Mississippi’s recycled Christmas trees used to create fish habitats
Published 1:09 pm Wednesday, January 3, 2018
With the 2017 holiday season officially over, it’s just about time to say goodbye to O Tannenbaum — the family Christmas tree.
After the City of Oxford collects old trees around town, the U.S. Army Corps of Engineers will pick them up and store them until Habitat Day on Feb. 3, where volunteers will come together to unload the discarded trees and put them in various spots in Enid Lake to create fish habitats.
The trees are staked down to keep them in place, where they will become new spawning areas and homes for fish.
Cedar and discarded Christmas trees are used to construct fish shelters in targeted areas. The actual placement of fish shelters is accomplished by interested volunteers who donate their time and equipment.
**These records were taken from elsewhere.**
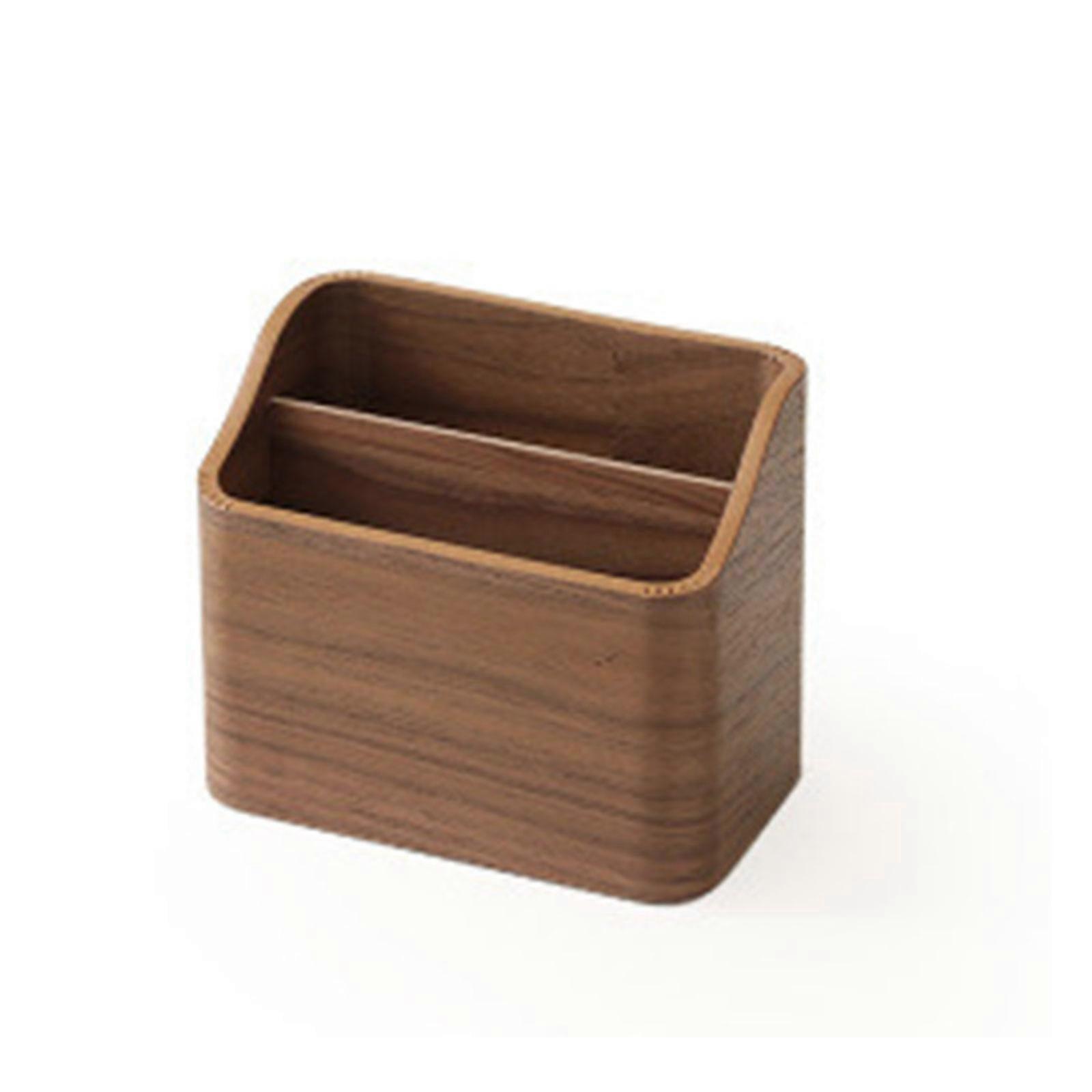 Wood Remote Control Holder Caddy Organizer Desktop Storage with 2 Compartments for TV Remotes Phones Pen Office Supplies Walnut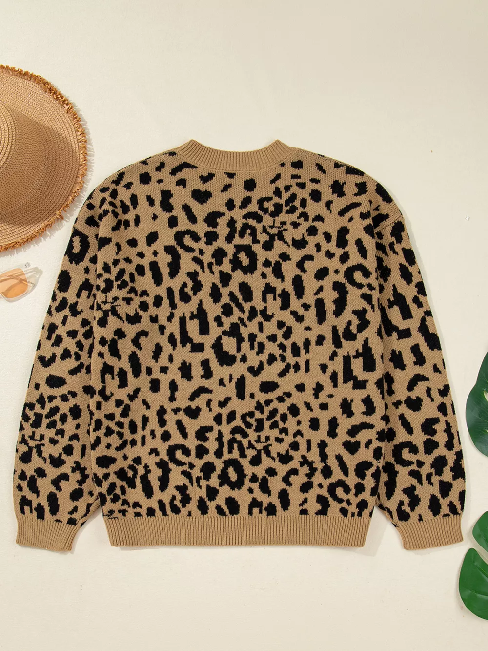 Ribbed Trim Round Neck Leopard Drop Shoulder Sweater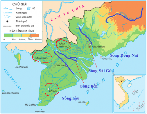 Chỉ trên bản đồ Địa lí tự nhiên Việt Nam: sông Tiền, sông Hậu, sông Đồng Nai, sông Sài Gòn và các vùng: Đồng Tháp Mười, Kiên Giang, Cà Mau.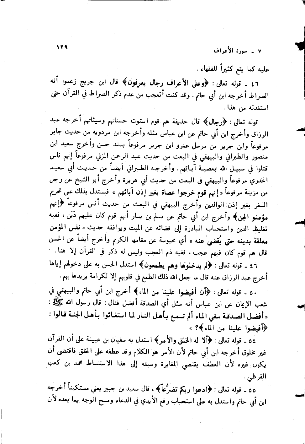 قال حذيفة هم قوم استوت حسناتهم وسيئاتهم أخرجه عبد الرزاق وأخرج إبنة أبي حاتم عن ابن عباس مثله وأخرجه ابن مردوية من حديث جابر مرفوعاً وإبن جرير من مرسل عمرو ابن مرفوعاً بسند حسن وأخرج سعيد ابن منصور والطبراني والبيهقي في البعث من حديث عبد الرحمن المزني مرفوعاً إنهم ناس قتلوا في سبيل الله بمعصية آبائهم. وأخرجه الطبراني أيضاً من حديث أبي سعيد الخدري مرفوعاً والبيهقي في البعث من حديث أبي هريرة وأخرج أبو الشيخ عن رجل من مزينة مرفوعاً "إنهم قوم خرجوا عصاة بغير إذن آبائهم" فيستدل بذلك على تحريم السفر بغير إذن الوالدين وأخرج البيهقي في البعث من حديث أنس مرفوعاً {إنهم مؤمنو الجن}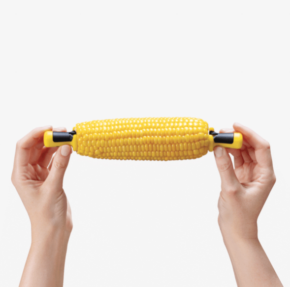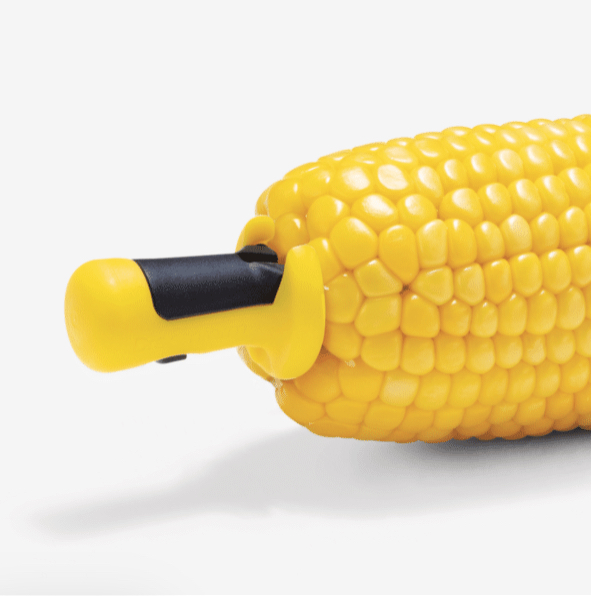 Lockorns are a 4 pair set of corn holders that securely anchor into corn cobs and locks together for safe storage.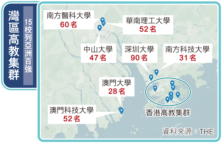 粵港澳大灣區深化協作,是促進優勢互補、拓展規模與影響力的關鍵,在高等教育層面,香港憑藉卓越水平彰顯輻射效應,帶動整個灣區的教育與人才協同發展。香港文匯報記者分析最新的THE亞洲大學排名,除了港校外,包括澳門和深圳、廣州等灣區其他城市亦同樣表現出色,連同香港八大在內,灣區有多達15所大學位列亞洲百強,正逐步形成更重要的高等教育集群,成為整個區域提質升級的重要動力。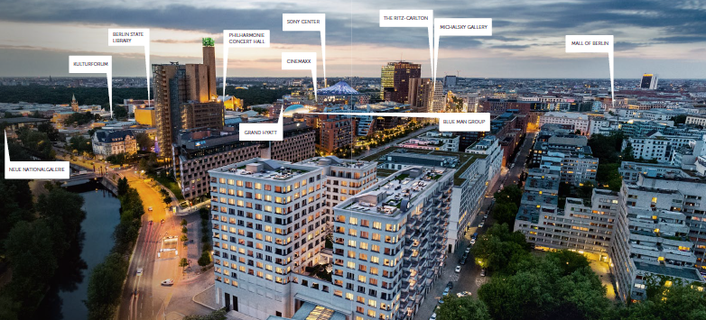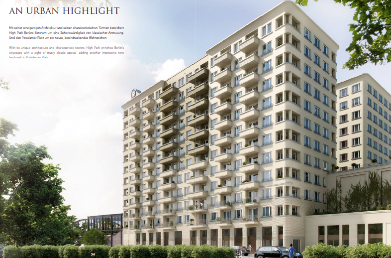 Potzdamer Platz in Berlin...Ein Gebâude das Masstabe setzt. İn den Eigentumswohnungen vereinen sich moderner Wohnkomfort und höchste Âsthetik. Mit herrausragender Architektur, ausgesuchten Details und exquisiten Service, ist das Leben im High Park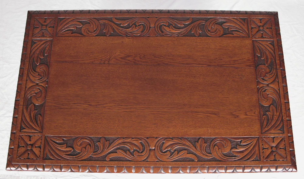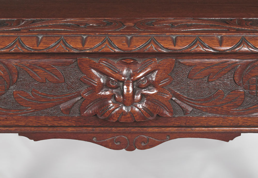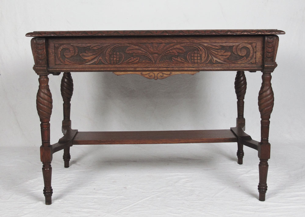 CARVED OAK LIBRARY TABLE: Lion carved drawer pull, carved border on the top, turned legs joined by stretcher shelf. 30'' h. x 42'' x 26 1/4''.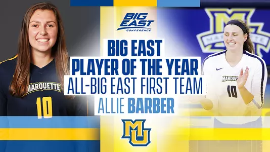 NEW YORK-- Marquette University sophomore Allie Barber was named BIG EAST Player of the Year and a unanimous selection to the All-BIG EAST First Team, highlighting a number of notable all-league selections for the Golden Eagles, the league announced on Wednesday morning.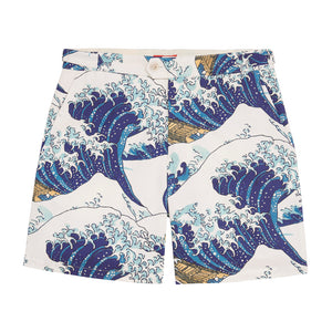 Oscar is a big fan of Japanese prints, in particular Hokusai's work. Probably his most famous piece is the Great Wave off Kanagawa. When Oscar found fabric printed with this iconic image, he couldn't resist. One of his friends, an art dealer immediately had to have a pair, so we decided to offer it to all our clients. Great for summer shorts or khakis, these shorts are not meant for the office, unless your office is the beach.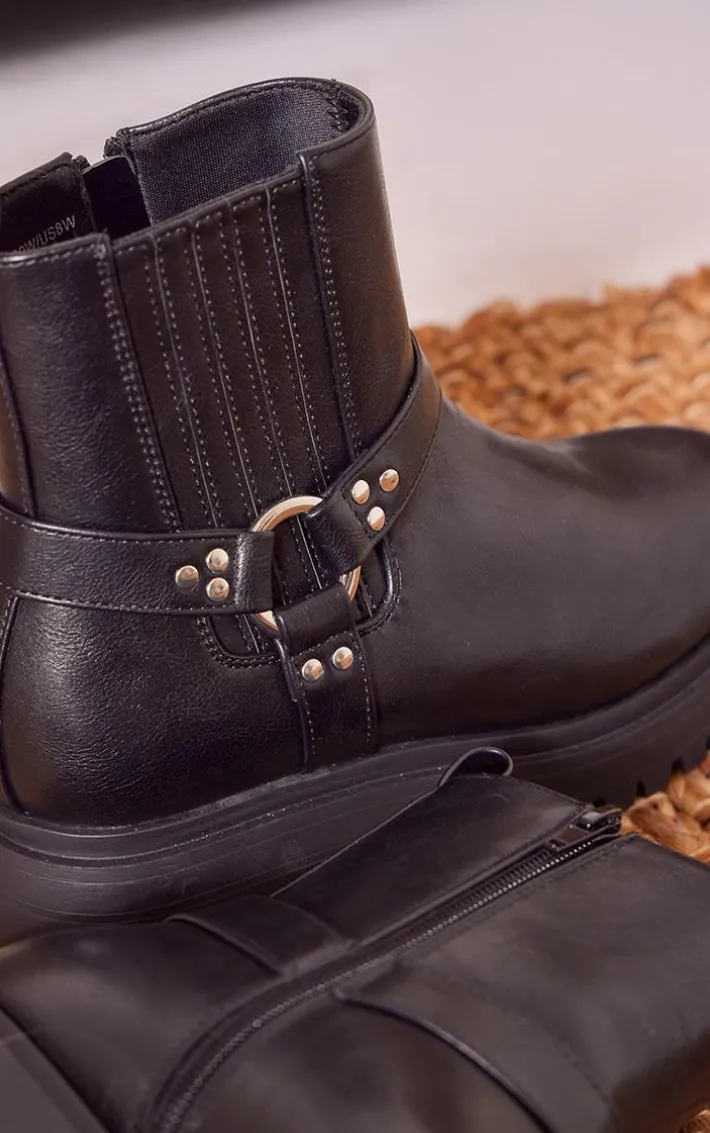 The A/W seasons call for a pair of boots and we can’t get over these black wide fit PU buckle detail ankle boots. These boots are brought to you in a black PU leather material with a wide fit, a buckle design and a chunky sole, what’s not to love? Simply style with your outfit of the day for a combo like no other.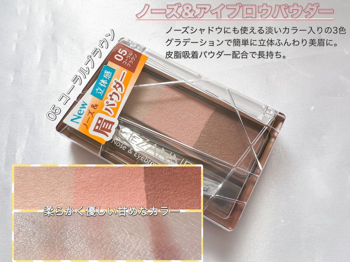 彫り深&ふんわり立体眉で目元の印象アップ。 ノーズシャドウにも使える3色グラデーションのパウダータイプ! 皮脂吸着パウダー配合で、パウダーなのに落ちにくく、ふんわり美眉が長持ち✨✨ とってもプチプラなのに高発色なのでめちゃくちゃオススメです🫶🏽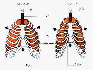 فلشهاى سیاه نشاندهندهٔ جهت حرکت قفسهٔ سینه و دیافراگم در حین تنفس است.فلشهاى سفید نشاندهندهٔ مسیر عبور هوا در حین تنفس است.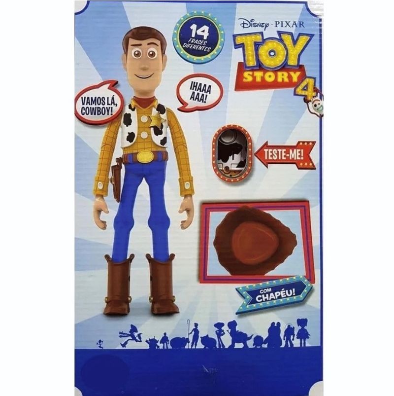 Woody Articulado com 14 Frases em Português, com a Voz do Personagem. Acomoanha Chapéu. o Boneco Mede Aproximadamente 28cm de Altura.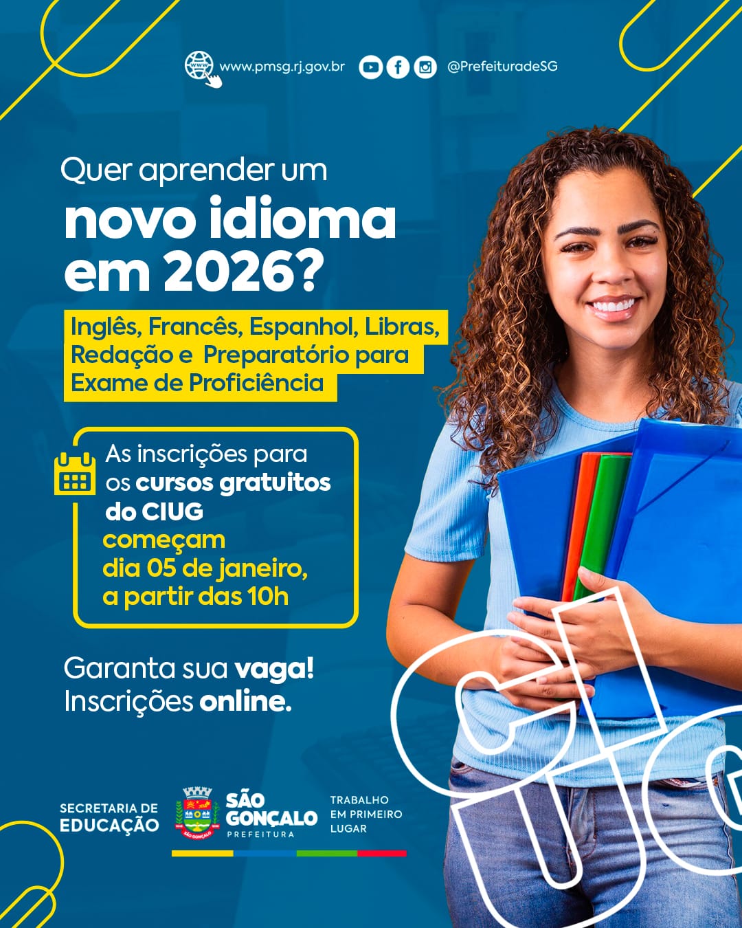 Quem deseja se matricular nos cursos gratuitos de idiomas – Inglês, Francês, Espanhol -, Preparatório de Redação, Libras e Curso Preparatório para o Exame de Proficiência em Língua Inglesa no Centro Interescolar Ulysses Guimarães (CIUG), da Prefeitura de São Gonçalo, deve ficar atento. As inscrições devem ser realizadas a partir das 10h da próxima segunda-feira, 5 de janeiro, até às 23h e 59min do dia 8 de janeiro, pela internet, no endereço eletrônico: https://ciug.saogoncalo.educacaomais.com.br/. A relação dos candidatos selecionados estará disponível no dia 13 de janeiro, no site e exposto no mural do CIUG a partir das 14h.

They drag the trees with ATV’s, and anchor them with concrete blocks and other weights along creek beds and other designated areas.
“We anticipate using approximately 800 Christmas trees and 700 cedar trees that have been harvested for this event,” Greg Raimondo, with the U.S. Army Corps public affairs office
Restoration of the fish habitat is very important to the future fisheries at Enid Lake, according to the U.S. Army Corps of Engineers at Enid Lake’s website.
Fish use these shelters for various reasons: cover, areas to feed, and for a place to spawn. Also restoring the habitat can increase the health and populations of fish.
According to studies performed by Mississippi Department of Wildlife, Fisheries, and Parks the restoration program has shown enormous benefits to the fish and habitat in Enid Lake.
For those living in the county or who want to take their trees directly to the U.S. Army Corps, Christmas trees, free of lights and decorations, can be dropped off at the boat launches. From there, volunteers and fishermen will take the trees to be used as new habitats in Enid Lake.